Moving Resources Due to Connectivity Changes

Whthin the cluster, one a node has connection issue with other nodes, this node will be fenced off(depends on the fencing properity). How about external connectivity? What happens if a node has external connectivity issue?

The solution is to have a pingd resource created, and configure a location constraint for the resource that will move the resource to a different node when connectivity is lost.
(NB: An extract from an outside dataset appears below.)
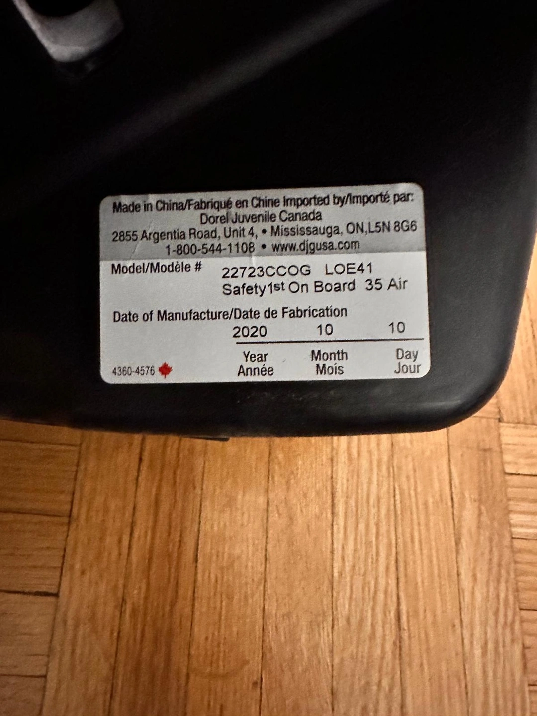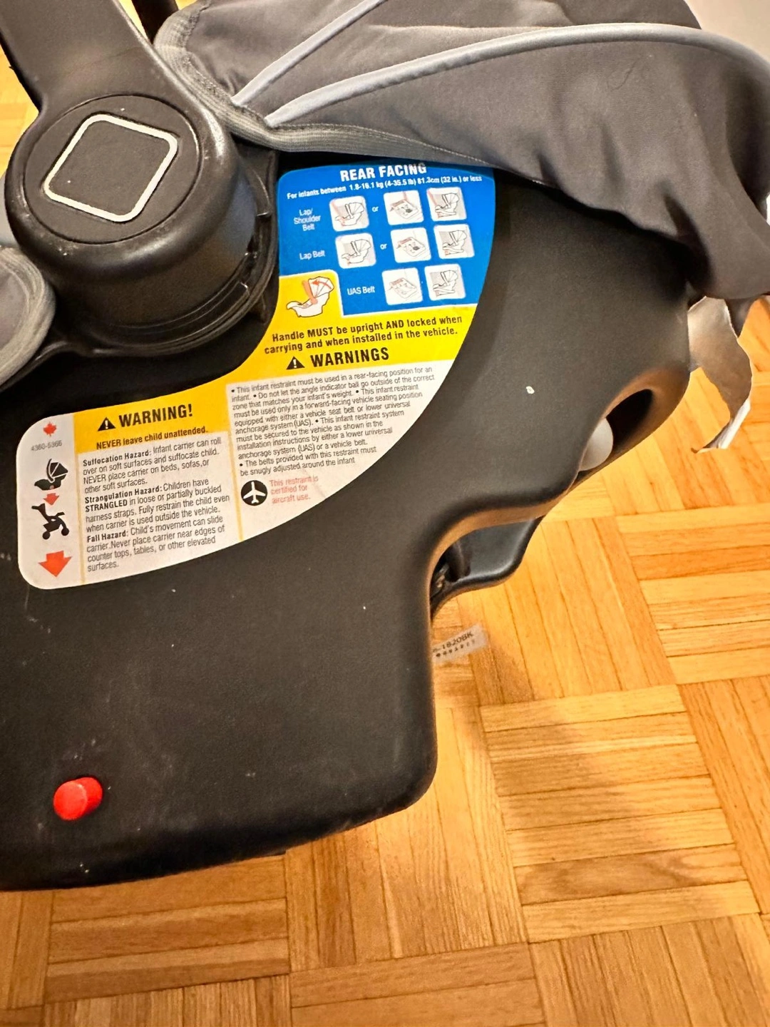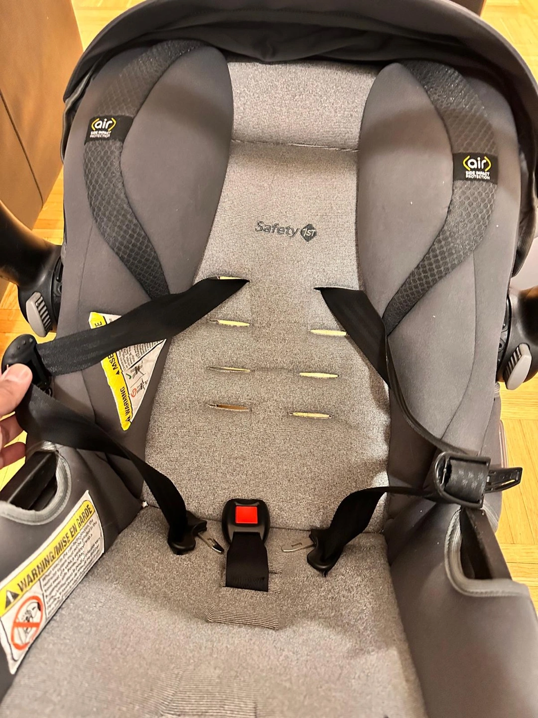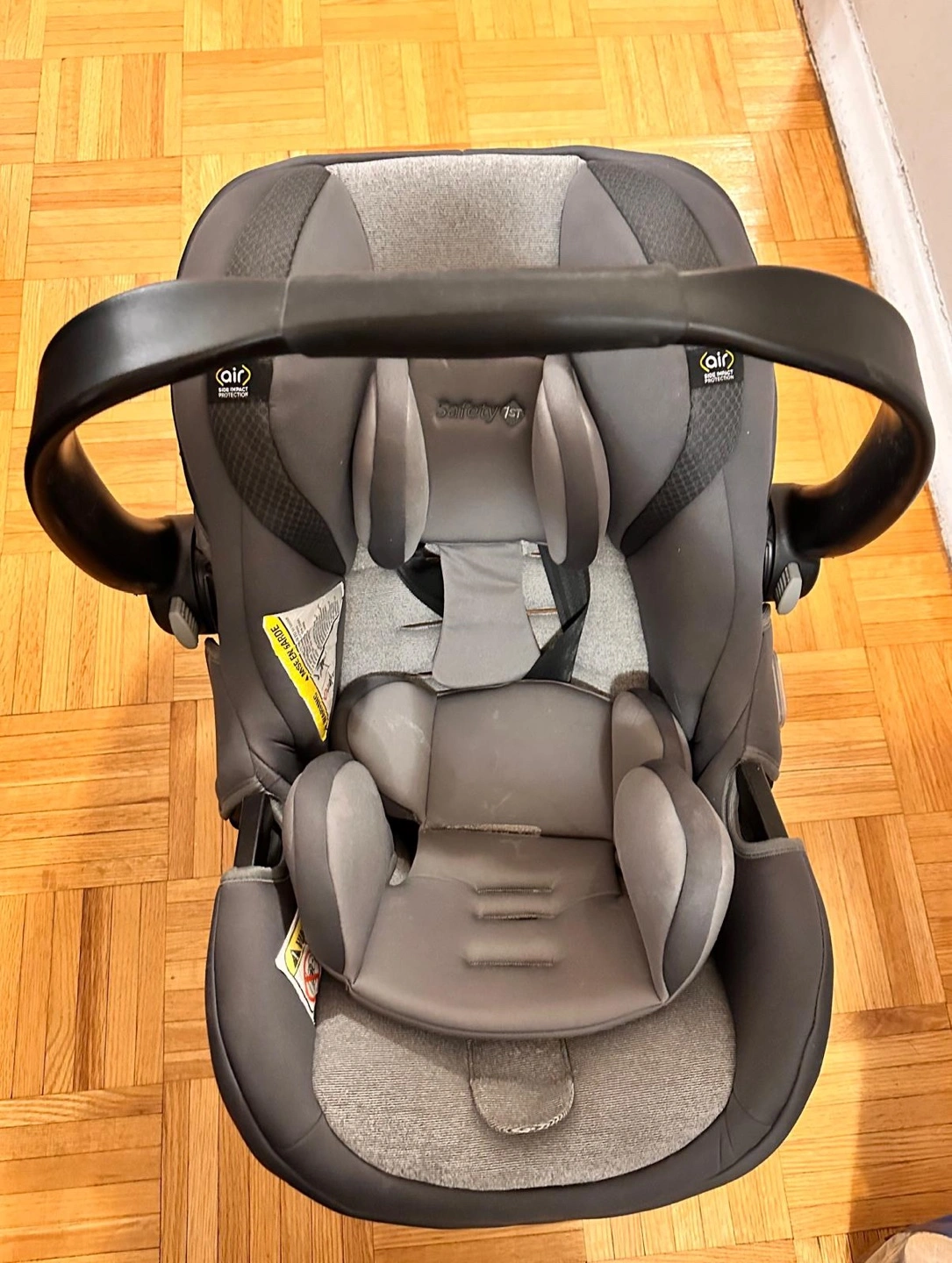 Infant car seat, grey fabric. Air Protect technology. Rear-facing. Includes Base. Used condition.

#pcs resource create ping ocf:pacemaker:ping dampen=5s multiplier=1000 host_list=<external ip or host>

set collocation constraint to other resource on the node

# pcs constraint location <resource id> rule score=-INFINITY pingd lt 1 or not_defined pingd

Disabling, and Banning Cluster Resources

To stop a resource on a node and don't want it get started on other nodes.

#pcs resource disabled <resource id>

To start a resource on  a node and back the resource to normal state

#pcs resource enabled <resource id>

To ban a resource on a node

#pcs resource ban <resource id> [node]

If no node specified, it's banned on current node

To remove the ban constraint, run

#pcs resource clear <resource id>

To debug a resrouce start

#pcs resource debug-start <resource id>

Disabling a Monitor Operations

To disable monitor operation for a resource

#pcs resource update filesystem21 op monitor enabled="false"

To enable monitor operation for a resource

#pcs resource update fs21 op monitor enabled="true"

To permenant stop a resource monitoring , just delete the monitoring

Managed Resources

To set a resource to unmanaged state, compare to the resource deletion, unmanaged resource is still in the cluster configuration, but pacemaker doesn't manage it.

#pcs resource unmanage <resource id>

To set a resource to managed state

#pcs resource manage <resource id>